Выбрать главу

Дарвин сетовал, что у него были не очень ловкие руки. Это мешало ему анатомировать мелких животных и насекомых. Испытывая большой интерес к опытам, он в то же время нередко проводил их небрежно, нечисто. Когда Дарвин пытался сам делать какие-нибудь научные приборы, необходимые ему для задуманных опытов, они получались у него грубоватыми и ненадежными. Это замечали порой даже его дети. Однажды они доказали обескураженному отцу, что два микрометра, которые он сделал, к сожалению, весьма отличаются по своим показаниям. А Дарвин так на них полагался...

О том, что его больше всего занимало, он пока никому не рассказывал. Его ближайший сподвижник и самый талантливый пропагандист дарвинизма - Томас Гексли позже вспоминал:

«Помню, как во время своей первой беседы с мистером Дарвином я со всею категоричностью высказал свою уверенность в том, что природные группы отделены друг от друга четкими разграничительными линиями и что промежуточных форм не существует.
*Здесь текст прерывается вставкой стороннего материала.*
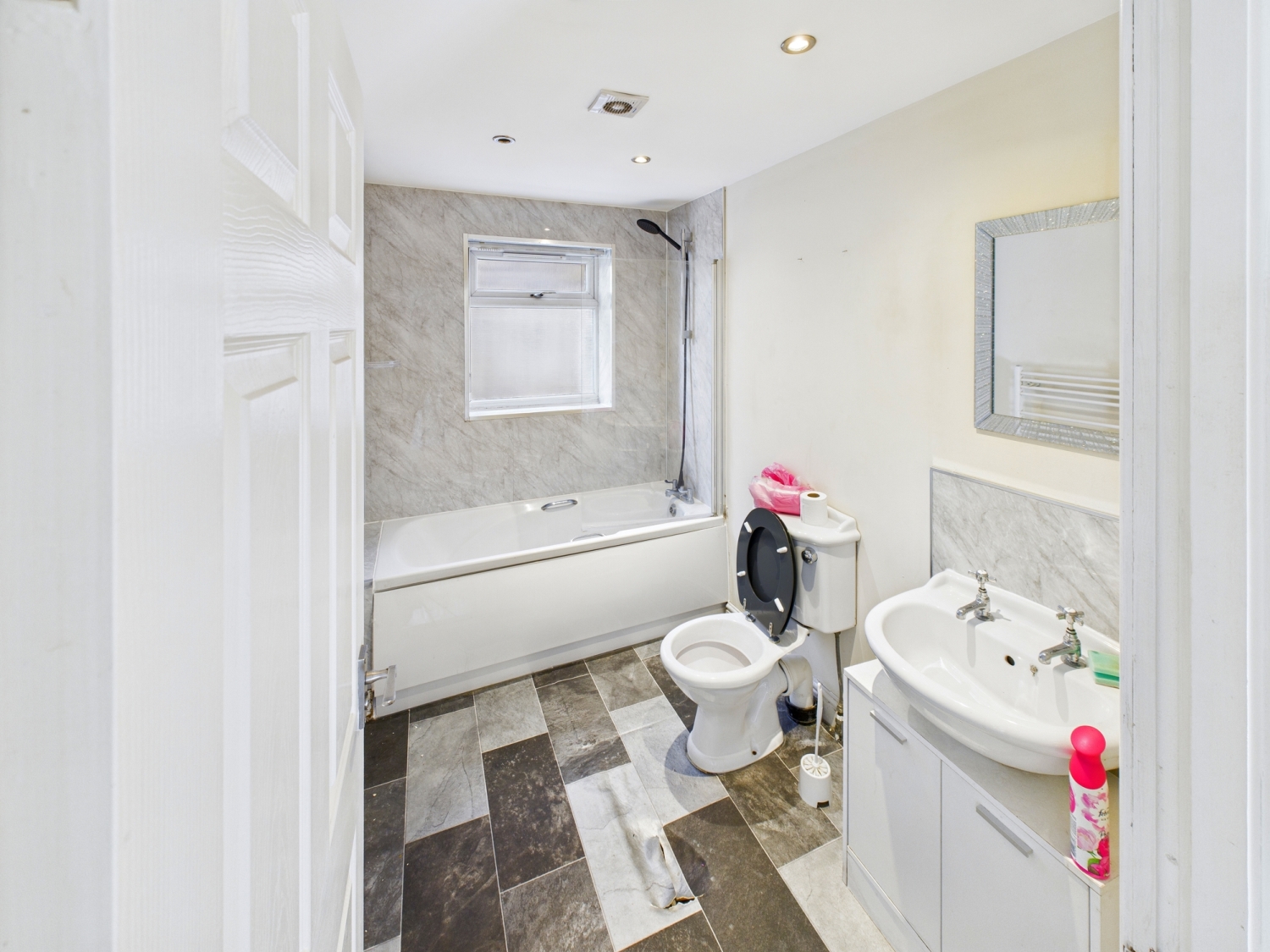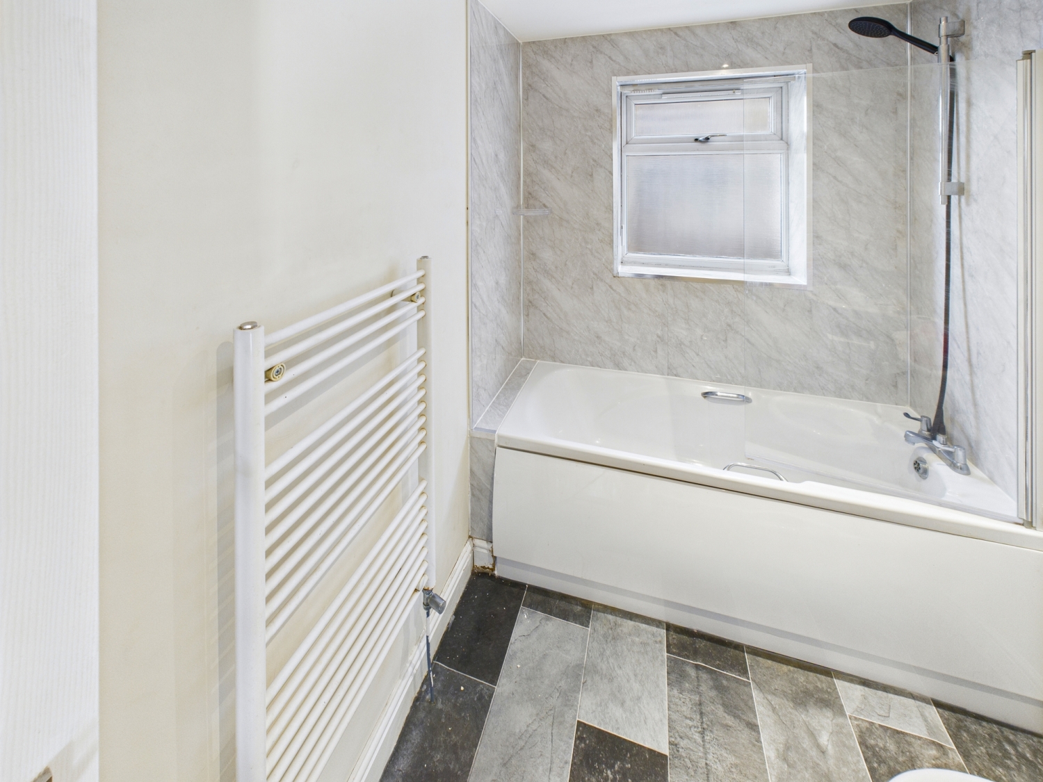 Bathroom - 8'11" x 5'10" - A bath with mixer tap and shower attachment over, glass partition shower screen. UPVC double glazed window to the side elevation. Spotlights and extractor fan to the ceiling. A towel radiator and a sink with a vanity unit below toilet with a push flush.
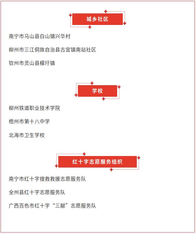 近日,中国红十字会总会印发关于表彰全国红十字模范单位的决定,决定授予99个城乡社区、99个学校、100个红十字志愿服务组织、52个机关企事业单位、19个冠名红十字医疗机构“全国红十字模范单位”称号。其中,广西
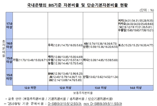보통주자본비율은 씨티·SC·카카오·수출입·토스가 14% 이상, KB·신한·하나·산업은행이 13% 이상으로 상대적으로 높았다.

Откуда мне было знать в то время, что он уже многие годы размышляет над проблемой видов, и долго потом меня преследовала и дразнила непонятная усмешка, сопровождавшая мягкий его ответ, что у него несколько иной взгляд на вещи...»
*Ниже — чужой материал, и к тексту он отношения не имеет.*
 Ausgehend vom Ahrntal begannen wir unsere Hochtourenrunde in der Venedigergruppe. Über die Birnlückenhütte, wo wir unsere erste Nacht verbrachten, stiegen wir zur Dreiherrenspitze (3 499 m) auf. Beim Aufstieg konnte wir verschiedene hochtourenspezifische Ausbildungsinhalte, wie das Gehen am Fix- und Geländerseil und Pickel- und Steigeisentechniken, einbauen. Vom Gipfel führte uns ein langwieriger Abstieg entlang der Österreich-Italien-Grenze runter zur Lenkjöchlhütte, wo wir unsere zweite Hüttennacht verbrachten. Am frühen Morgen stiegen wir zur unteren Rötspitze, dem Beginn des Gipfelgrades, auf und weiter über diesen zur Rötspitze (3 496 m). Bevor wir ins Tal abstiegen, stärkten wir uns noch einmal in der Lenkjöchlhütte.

Лишь изредка прорывались занимавшие Дарвина мысли в письмах самым близким друзьям-ученым. Только в январе 1844 года он напишет известному английскому ботанику Гукеру:

«...Я с самого моего возвращения приступил к одной весьма дерзкой работе: и я не знаю человека, который назвал бы ее глупой. Меня так поразило распространение галапагосских организмов, характер американских ископаемых млекопитающих и пр., что я решил без разбору собирать все факты, имеющие какое-либо отношение к видам. Я прочел горы книг по земледелию и садоводству и непрестанно собирал данные. Наконец появились проблески света, и я почти убежден (в противоположность мнению, с которым я начал работу), что виды (это равносильно признанию в убийстве) не неизменны. Да сохранит меня небо от Ламаркова нелепого «стремления к прогрессу», «приспособления вследствие длительного стремления животных» и пр. ... Но выводы, к которым я прихожу, не так уж далеки от его выводов, хотя способы изменений совершенно другие. Мне кажется, что я обнаружил (вот где дерзость!) простой способ, благодаря которому виды прекрасно приспособляются к различным целям.
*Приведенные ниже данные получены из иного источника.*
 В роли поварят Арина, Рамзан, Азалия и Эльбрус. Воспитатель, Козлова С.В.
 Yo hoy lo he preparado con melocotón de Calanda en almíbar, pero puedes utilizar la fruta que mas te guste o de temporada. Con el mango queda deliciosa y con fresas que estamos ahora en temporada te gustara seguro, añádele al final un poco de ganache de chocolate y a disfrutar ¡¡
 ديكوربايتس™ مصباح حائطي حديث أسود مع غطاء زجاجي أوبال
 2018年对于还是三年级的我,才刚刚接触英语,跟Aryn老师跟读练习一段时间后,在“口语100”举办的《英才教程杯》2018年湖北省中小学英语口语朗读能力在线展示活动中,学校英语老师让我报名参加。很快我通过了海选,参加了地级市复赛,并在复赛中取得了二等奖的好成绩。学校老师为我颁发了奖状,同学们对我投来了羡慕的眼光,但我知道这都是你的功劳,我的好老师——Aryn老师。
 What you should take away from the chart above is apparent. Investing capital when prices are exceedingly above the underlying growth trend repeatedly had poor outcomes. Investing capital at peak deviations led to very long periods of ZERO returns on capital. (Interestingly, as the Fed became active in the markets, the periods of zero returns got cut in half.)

Теперь Вы тяжко вздохнете и скажете про себя: «Вот на кого я попусту тратил свое время и кому я писал». Пять лет назад я и сам думал бы так же...»

Как это сказано: «равносильно признанию в убийстве»! Одно великолепное сравнение, поистине шекспировской силы - и сколько оно говорит о сомнениях и переживаниях Дарвина! Нелегко даются новые, еретические идеи.

Уже говорилось, что мысли об изменчивости видов возникали у многих натуралистов очень давно. Теперь историки их находят даже у философов Древней Греции - у Гераклита, Анаксимандра. Бюффон в восемнадцатом веке писал, что все животные изменяются под воздействием окружающей среды, а также «повинуясь внутренней потребности». Схожие мысли высказывали французские просветители Гольбах, Дидро и Гельвеций, в России гениальный Ломоносов и академик Бэр. Эразм Дарвин, как мы знаем, рассуждал в торжественных стихах о борьбе за существование. При желании в его поэмах можно найти даже высказывания но весьма конкретным проблемам эволюции - скажем, о вреде близкородственного размножения.

Очень заманчиво преувеличить влияние идей Эразма Дарвина на его великого внука. Какого-то их воздействия Чарлз Дарвин не отрицал, но и не придавал ему слишком большого значения: «...Вероятно, то обстоятельство, что уже в очень ранние годы моей жизни мне приходилось слышать, как поддерживаются и встречают высокую оценку такого рода воззрения, способствовало тому, что я и сам стал отстаивать их - в иной форме... В то время я очень восхищался «Зоономией», но, перечитав ее во второй раз через десять или пятнадцать лет, я был сильно разочарован крайне невыгодным соотношением между рассуждениями и приводимыми фактическими данными».

В этом была общая беда всех эволюционных идей, которые высказывались прежде. Не подкрепленные тщательно подобранными, неопровержимыми фактами, они оставались гениальными прозрениями, догадками, не более. Только Чарлз Дарвин смог превратить эти догадки в строгую и стройную теорию. Он оказался лучше всего подготовленным к этому. Тому способствовал не только весь склад его ума, умение зорко видеть и размышлять, но и богатейший запас наблюдений, собранных за время путешествия.